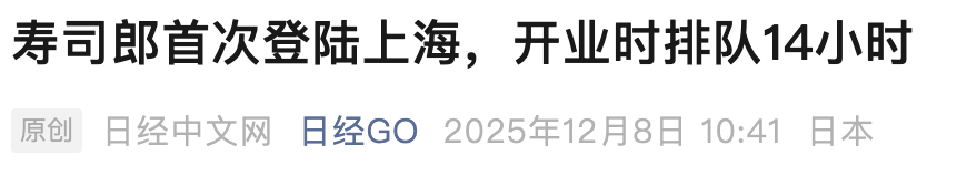 12月6日,寿司郎高调进入上海,开设环球港与中山公园龙之梦双首店。根据日经中文网报道,寿司郎开业排队时长一度长达14小时。
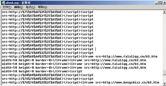 确认被挂代码的方式非常简单,这些代码都有共同的HTML标记:**<\script>或者 <\iframe>**。一般向网页文件加入下载木马的代码都在文件的末尾,语句都是直接调用远程代码文件下载病毒,例如这俩HTML标记里”src“路径都带有“http://”,极少部分挂马者会将下载木马的代码文件直接上传到服务器上。我们略作识别就可以知道哪些文件被挂代码,如:
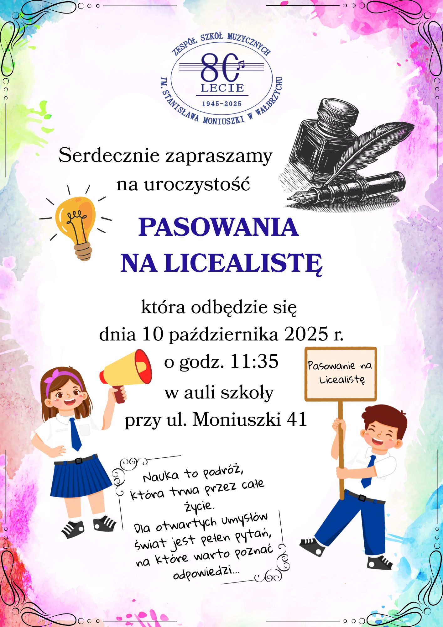 Zapraszamy na uroczystość pasowania na licealistę, która odbędzie się 10 października 2025 roku o godzinie 11:35 w auli Zespołu Szkół Muzycznych przy ulicy Moniuszki 41. To wyjątkowe wydarzenie w życiu szkoły, podczas którego nowi uczniowie oficjalnie zostaną przyjęci do społeczności liceum.
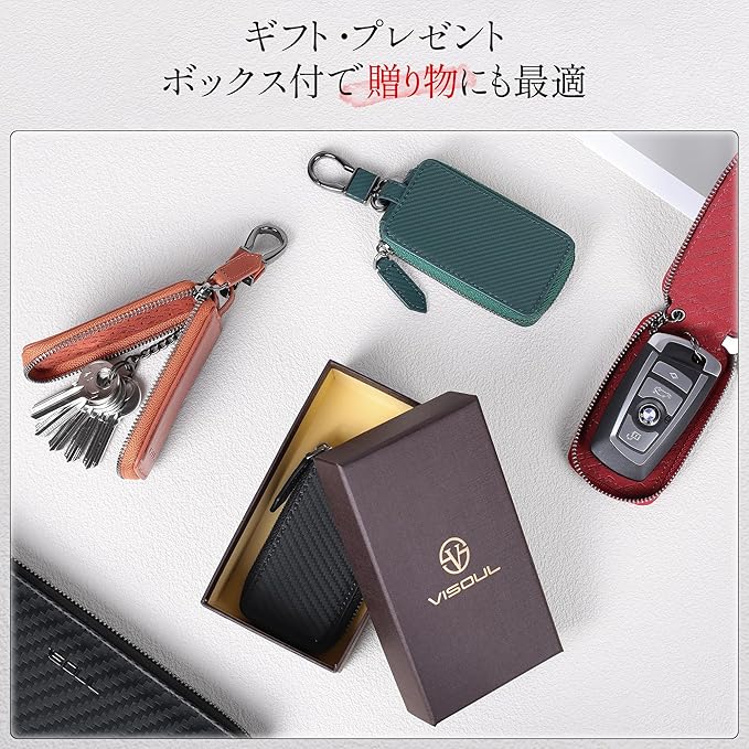 [VISOUL] スマートキーケース 本革 キーケース カバー型 キーホルダー キーケース メンズ スマートキー 車キーケース 本革 キーカバー キーホルダー 革 ワインレット D型上下開け
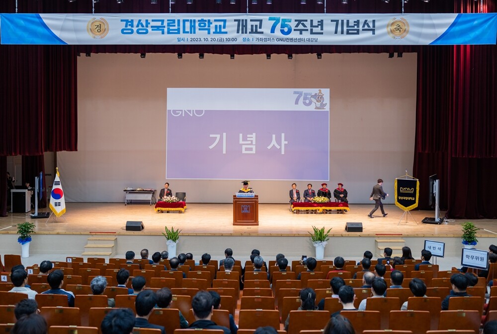 [대학저널 온종림 기자] 경상국립대학교가 개교 75주년을 맞았다. 경상국립대는 20일 가좌캠퍼스 GNU컨벤션센터 대강당에서 제75주년 개교기념식을 개최했다.
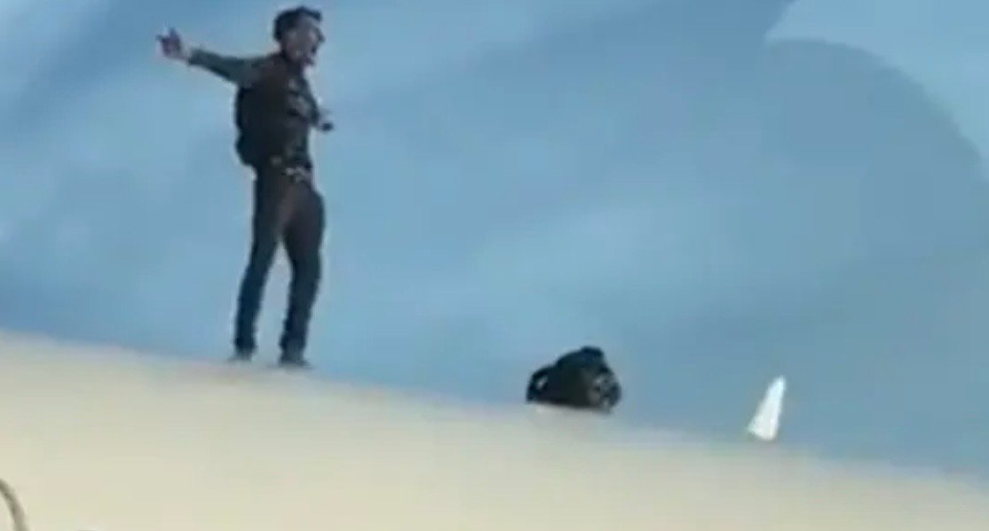 أظهرت لقطات مصورة الرجل يعتلي سقف الطائرة في مطار مانيسيس بمدينة فالنسيا، ولاحظه ركاب ينتظرون داخل مبنى المطار.
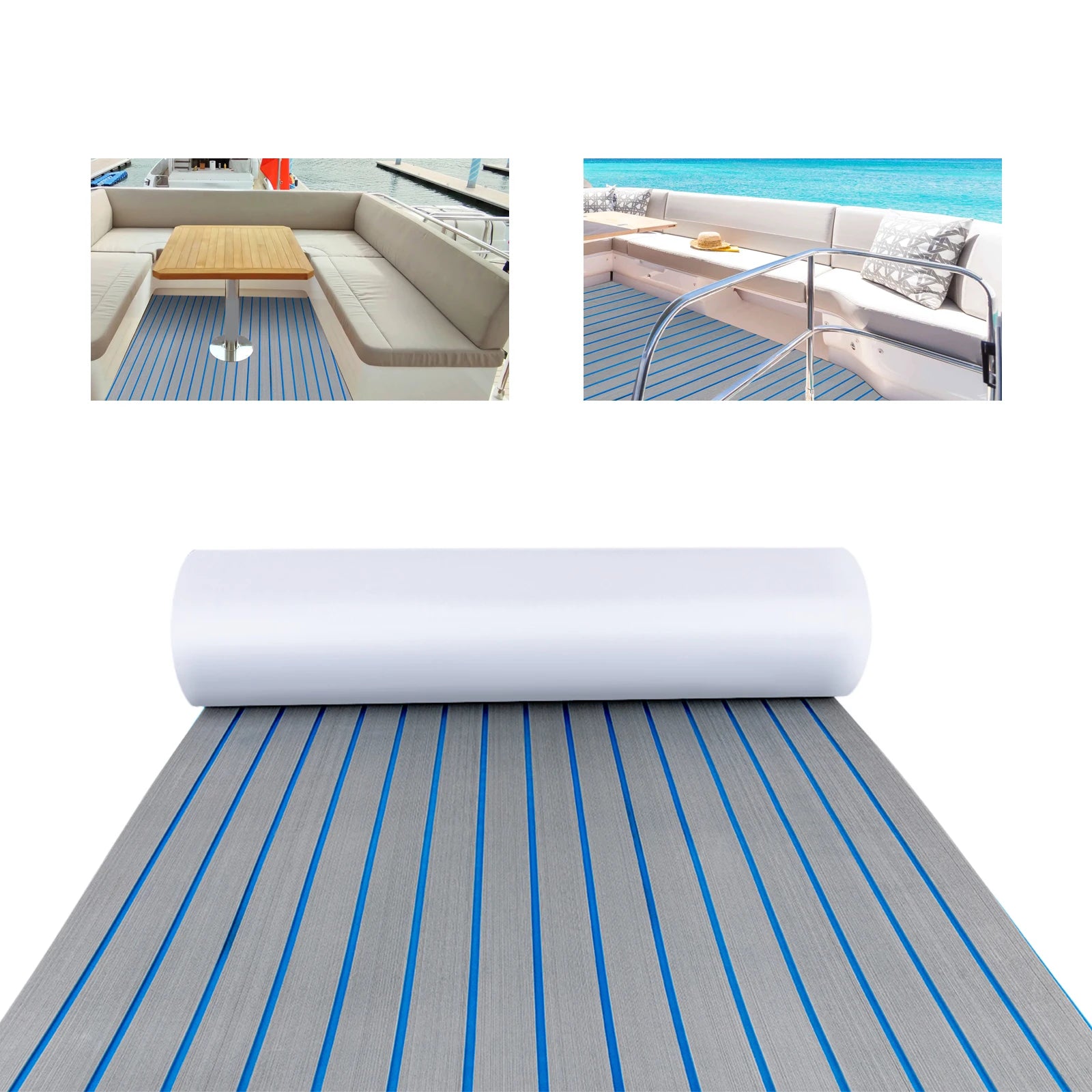 240*60cm/95*24in 240*90cm/95*35.5in Boat Flooring EVA Foam Decking Sheet | 6mm Thick Faux Teak Marine Waterproof Anti-slip Mat | Marine Carpet Seating Non-Slip Self-Adhesive Pad DIY Cuttable for Motorboat RV Yacht Kayak Swimming Pool (Gray + Blue stripes)
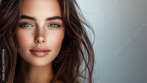 Portrait of a beautiful woman with brown hair and posing copy space for texts. Advertising concept of healthy lifestyle, self-care, dermatology and skincare
....
Problem statement: Write out the data word for word. Any picture is to be skipped.

Solution to this task:
 12月6日,寿司郎高调进入上海,开设环球港与中山公园龙之梦双首店。根据日经中文网报道,寿司郎开业排队时长一度长达14小时。
 确认被挂代码的方式非常简单,这些代码都有共同的HTML标记:**<\script>或者 <\iframe>**。一般向网页文件加入下载木马的代码都在文件的末尾,语句都是直接调用远程代码文件下载病毒,例如这俩HTML标记里”src“路径都带有“http://”,极少部分挂马者会将下载木马的代码文件直接上传到服务器上。我们略作识别就可以知道哪些文件被挂代码,如:
 Zapraszamy na uroczystość pasowania na licealistę, która odbędzie się 10 października 2025 roku o godzinie 11:35 w auli Zespołu Szkół Muzycznych przy ulicy Moniuszki 41. To wyjątkowe wydarzenie w życiu szkoły, podczas którego nowi uczniowie oficjalnie zostaną przyjęci do społeczności liceum.
 [VISOUL] スマートキーケース 本革 キーケース カバー型 キーホルダー キーケース メンズ スマートキー 車キーケース 本革 キーカバー キーホルダー 革 ワインレット D型上下開け
 [대학저널 온종림 기자] 경상국립대학교가 개교 75주년을 맞았다. 경상국립대는 20일 가좌캠퍼스 GNU컨벤션센터 대강당에서 제75주년 개교기념식을 개최했다.
 أظهرت لقطات مصورة الرجل يعتلي سقف الطائرة في مطار مانيسيس بمدينة فالنسيا، ولاحظه ركاب ينتظرون داخل مبنى المطار.
 240*60cm/95*24in 240*90cm/95*35.5in Boat Flooring EVA Foam Decking Sheet | 6mm Thick Faux Teak Marine Waterproof Anti-slip Mat | Marine Carpet Seating Non-Slip Self-Adhesive Pad DIY Cuttable for Motorboat RV Yacht Kayak Swimming Pool (Gray + Blue stripes)
 Portrait of a beautiful woman with brown hair and posing copy space for texts. Advertising concept of healthy lifestyle, self-care, dermatology and skincare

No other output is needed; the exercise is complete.